▸ **Aim of the exercise**: Repeat only the lines below from the one containing "Органайзер в багажник" through the one containing "elevate everyday looks.", inclusive, exactly as written.

▸ **Data for analysis**:
------------------------------------------------------------------------
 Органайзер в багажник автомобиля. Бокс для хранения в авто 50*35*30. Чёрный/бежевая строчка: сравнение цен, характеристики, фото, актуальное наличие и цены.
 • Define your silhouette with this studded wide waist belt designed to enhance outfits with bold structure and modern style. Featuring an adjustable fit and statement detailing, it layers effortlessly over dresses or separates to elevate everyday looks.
------------------------------------------------------------------------
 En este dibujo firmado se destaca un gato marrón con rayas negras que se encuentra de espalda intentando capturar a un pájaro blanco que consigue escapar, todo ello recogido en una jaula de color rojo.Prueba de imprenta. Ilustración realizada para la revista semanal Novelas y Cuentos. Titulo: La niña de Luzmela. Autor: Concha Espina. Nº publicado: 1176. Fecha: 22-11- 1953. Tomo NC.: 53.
------------------------------------------------------------------------
▸ **Completed exercise**:
 Органайзер в багажник автомобиля. Бокс для хранения в авто 50*35*30. Чёрный/бежевая строчка: сравнение цен, характеристики, фото, актуальное наличие и цены.
 • Define your silhouette with this studded wide waist belt designed to enhance outfits with bold structure and modern style. Featuring an adjustable fit and statement detailing, it layers effortlessly over dresses or separates to elevate everyday looks.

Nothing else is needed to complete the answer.